With the pictures omitted, transcribe each line below exactly as it is.

● The data
--------

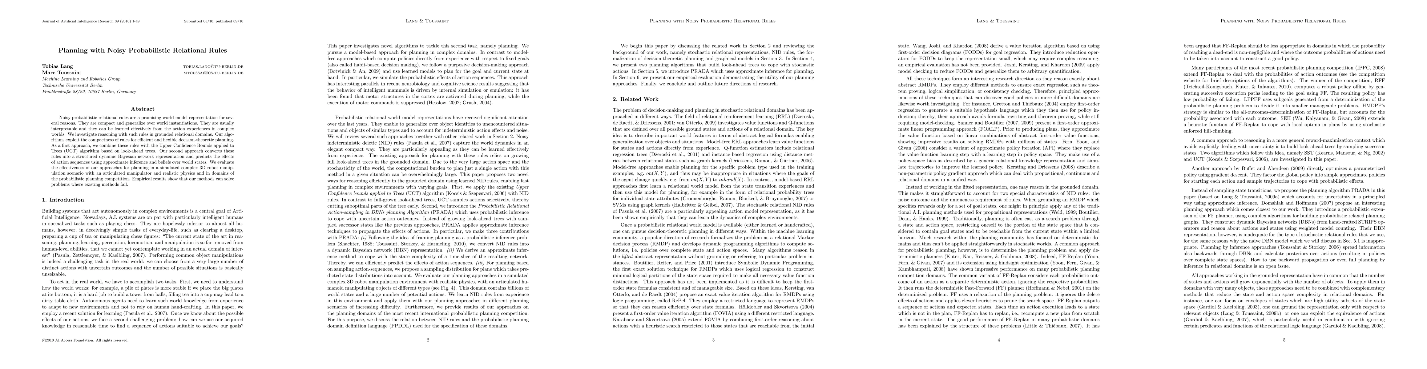 This paper explores the use of noisy probabilistic relational rules for efficient decision-theoretic planning in complex environments. It proposes two approaches: combining rules with UCT for look-ahead trees and converting rules into a dynamic Bayesian network for approximate inference, demonstrating effectiveness in 3D robot manipulation and probabilistic planning competitions.
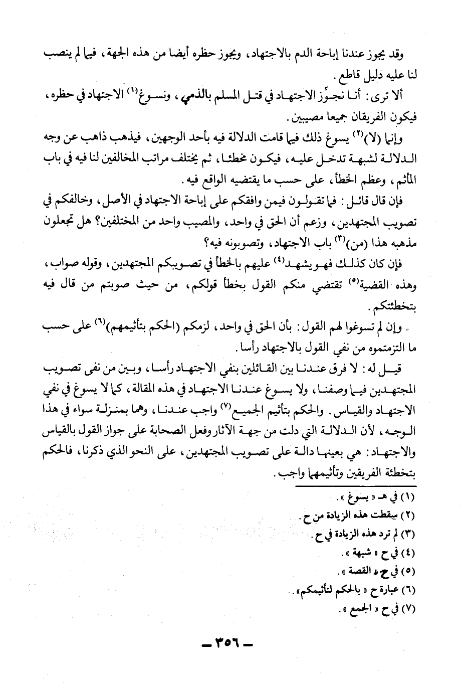 أَلَا تَرَى: أَنَّا نُجَوِّزُ الِاجْتِهَادَ فِي قَتْلِ الْمُسْلِمِ بِالذِّمِّيِّ، وَنُسَوِّغُ الِاجْتِهَادَ فِي حَظْرِهِ، فَيَكُونُ الْفَرِيقَانِ جَمِيعًا مُصِيبِينَ. وَإِنَّمَا (لَا) يُسَوَّغُ ذَلِكَ فِيمَا قَامَتْ الدَّلَالَةُ فِيهِ بِأَحَدِ الْوَجْهَيْنِ، فَيَذْهَبُ ذَاهِبٌ عَنْ وَجْهِ الدَّلَالَةِ لِشُبْهَةٍ تَدْخُلُ عَلَيْهِ، فَيَكُونُ مُخْطِئًا، ثُمَّ يَخْتَلِفُ مَرَاتِبُ الْمُخَالِفِينَ لَنَا فِيهِ فِي بَابِ الْمَأْثَمِ، وَعِظَمِ الْخَطَأِ، عَلَى حَسَبِ مَا يَقْتَضِيه الْوَاقِعُ فِيهِ. فَإِنْ قَالَ قَائِلٌ: فَمَا تَقُولُونَ فِيمَنْ وَافَقَكُمْ عَلَى إبَاحَةِ الِاجْتِهَادِ فِي الْأَصْلِ، وَخَالَفَكُمْ فِي تَصْوِيبِ الْمُجْتَهِدِينَ، وَزَعَمَ أَنَّ الْحَقَّ فِي وَاحِدٍ، وَالْمُصِيبُ وَاحِدٌ مِنْ الْمُخْتَلِفِينَ؟ هَلْ تَجْعَلُونَ مَذْهَبَهُ هَذَا (مِنْ) بَابِ الِاجْتِهَادِ، وَتُصَوِّبُونَهُ فِيهِ؟ فَإِنْ كَانَ كَذَلِكَ فَهُوَ يَشْهَدُ عَلَيْهِمْ بِالْخَطَأِ فِي تَصْوِيبِكُمْ الْمُجْتَهِدِينَ، وَقَوْلُهُ صَوَابٌ، وَهَذِهِ الْقَضِيَّةُ تَقْتَضِي مِنْكُمْ الْقَوْلَ بِخَطَأِ قَوْلِكُمْ، مِنْ حَيْثُ صَوَّبْتُمْ مَنْ قَالَ فِيهِ بِتَخْطِئَتِكُمْ. وَإِنْ لَمْ تُسَوِّغُوا لَهُمْ الْقَوْلَ: بِأَنَّ الْحَقَّ فِي وَاحِدٍ، لَزِمَكُمْ (الْحُكْمُ بِتَأْثِيمِهِمْ) عَلَى حَسَبِ مَا الْتَزَمْتُمُوهُ مِنْ نَفْيِ الْقَوْلِ بِالِاجْتِهَادِ رَأْسًا. قِيلَ لَهُ: لَا فَرْقَ عِنْدَنَا بَيْنَ الْقَائِلِينَ بِنَفْيِ الِاجْتِهَادِ رَأْسًا، وَبَيْنَ مَنْ نَفَى تَصْوِيبَ الْمُجْتَهِدِينَ فِيمَا وَصَفْنَا، وَلَا يُسَوَّغُ عِنْدَنَا الِاجْتِهَادُ فِي هَذِهِ الْمَقَالَةِ، كَمَا لَا يُسَوَّغُ فِي نَفْيِ الِاجْتِهَادِ وَالْقِيَاسِ. وَالْحُكْمُ بِتَأْثِيمِ الْجَمِيعِ وَاجِبٌ عِنْدَنَا، وَهُمَا بِمَنْزِلَةٍ سَوَاءٌ فِي هَذَا الْوَجْهِ، لِأَنَّ الدَّلَالَةَ الَّتِي دَلَّتْ مِنْ جِهَةِ الْآثَارِ وَفِعْلِ الصَّحَابَةِ عَلَى جَوَازِ الْقَوْلِ بِالْقِيَاسِ وَالِاجْتِهَادِ: هِيَ بِعَيْنِهَا دَالَّةٌ عَلَى تَصْوِيبِ الْمُجْتَهِدِينَ، عَلَى النَّحْوِ الَّذِي ذَكَرْنَا، فَالْحُكْمُ بِتَخْطِئَةِ الْفَرِيقَيْنِ وَتَأْثِيمِهِمَا وَاجِبٌ.
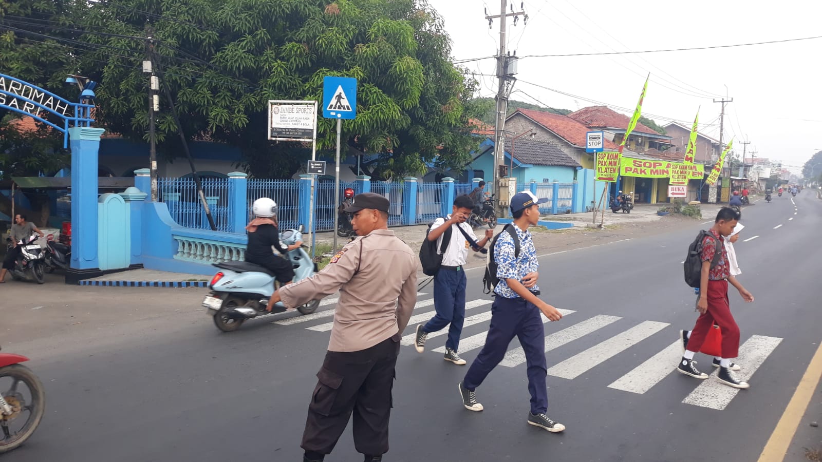 Personil Polsek Plered melaksanakan Gatur Lalu lintas pagi di Jln. Otista tepatnya depan SDN 3 Tegalsari dan SMP N 2 Plered Ds. Tegalsari Kecamatan Plered Kabupaten Cirebon.

--------

● Answer to this task
 This paper explores the use of noisy probabilistic relational rules for efficient decision-theoretic planning in complex environments. It proposes two approaches: combining rules with UCT for look-ahead trees and converting rules into a dynamic Bayesian network for approximate inference, demonstrating effectiveness in 3D robot manipulation and probabilistic planning competitions.
 أَلَا تَرَى: أَنَّا نُجَوِّزُ الِاجْتِهَادَ فِي قَتْلِ الْمُسْلِمِ بِالذِّمِّيِّ، وَنُسَوِّغُ الِاجْتِهَادَ فِي حَظْرِهِ، فَيَكُونُ الْفَرِيقَانِ جَمِيعًا مُصِيبِينَ. وَإِنَّمَا (لَا) يُسَوَّغُ ذَلِكَ فِيمَا قَامَتْ الدَّلَالَةُ فِيهِ بِأَحَدِ الْوَجْهَيْنِ، فَيَذْهَبُ ذَاهِبٌ عَنْ وَجْهِ الدَّلَالَةِ لِشُبْهَةٍ تَدْخُلُ عَلَيْهِ، فَيَكُونُ مُخْطِئًا، ثُمَّ يَخْتَلِفُ مَرَاتِبُ الْمُخَالِفِينَ لَنَا فِيهِ فِي بَابِ الْمَأْثَمِ، وَعِظَمِ الْخَطَأِ، عَلَى حَسَبِ مَا يَقْتَضِيه الْوَاقِعُ فِيهِ. فَإِنْ قَالَ قَائِلٌ: فَمَا تَقُولُونَ فِيمَنْ وَافَقَكُمْ عَلَى إبَاحَةِ الِاجْتِهَادِ فِي الْأَصْلِ، وَخَالَفَكُمْ فِي تَصْوِيبِ الْمُجْتَهِدِينَ، وَزَعَمَ أَنَّ الْحَقَّ فِي وَاحِدٍ، وَالْمُصِيبُ وَاحِدٌ مِنْ الْمُخْتَلِفِينَ؟ هَلْ تَجْعَلُونَ مَذْهَبَهُ هَذَا (مِنْ) بَابِ الِاجْتِهَادِ، وَتُصَوِّبُونَهُ فِيهِ؟ فَإِنْ كَانَ كَذَلِكَ فَهُوَ يَشْهَدُ عَلَيْهِمْ بِالْخَطَأِ فِي تَصْوِيبِكُمْ الْمُجْتَهِدِينَ، وَقَوْلُهُ صَوَابٌ، وَهَذِهِ الْقَضِيَّةُ تَقْتَضِي مِنْكُمْ الْقَوْلَ بِخَطَأِ قَوْلِكُمْ، مِنْ حَيْثُ صَوَّبْتُمْ مَنْ قَالَ فِيهِ بِتَخْطِئَتِكُمْ. وَإِنْ لَمْ تُسَوِّغُوا لَهُمْ الْقَوْلَ: بِأَنَّ الْحَقَّ فِي وَاحِدٍ، لَزِمَكُمْ (الْحُكْمُ بِتَأْثِيمِهِمْ) عَلَى حَسَبِ مَا الْتَزَمْتُمُوهُ مِنْ نَفْيِ الْقَوْلِ بِالِاجْتِهَادِ رَأْسًا. قِيلَ لَهُ: لَا فَرْقَ عِنْدَنَا بَيْنَ الْقَائِلِينَ بِنَفْيِ الِاجْتِهَادِ رَأْسًا، وَبَيْنَ مَنْ نَفَى تَصْوِيبَ الْمُجْتَهِدِينَ فِيمَا وَصَفْنَا، وَلَا يُسَوَّغُ عِنْدَنَا الِاجْتِهَادُ فِي هَذِهِ الْمَقَالَةِ، كَمَا لَا يُسَوَّغُ فِي نَفْيِ الِاجْتِهَادِ وَالْقِيَاسِ. وَالْحُكْمُ بِتَأْثِيمِ الْجَمِيعِ وَاجِبٌ عِنْدَنَا، وَهُمَا بِمَنْزِلَةٍ سَوَاءٌ فِي هَذَا الْوَجْهِ، لِأَنَّ الدَّلَالَةَ الَّتِي دَلَّتْ مِنْ جِهَةِ الْآثَارِ وَفِعْلِ الصَّحَابَةِ عَلَى جَوَازِ الْقَوْلِ بِالْقِيَاسِ وَالِاجْتِهَادِ: هِيَ بِعَيْنِهَا دَالَّةٌ عَلَى تَصْوِيبِ الْمُجْتَهِدِينَ، عَلَى النَّحْوِ الَّذِي ذَكَرْنَا، فَالْحُكْمُ بِتَخْطِئَةِ الْفَرِيقَيْنِ وَتَأْثِيمِهِمَا وَاجِبٌ.
 Personil Polsek Plered melaksanakan Gatur Lalu lintas pagi di Jln. Otista tepatnya depan SDN 3 Tegalsari dan SMP N 2 Plered Ds. Tegalsari Kecamatan Plered Kabupaten Cirebon.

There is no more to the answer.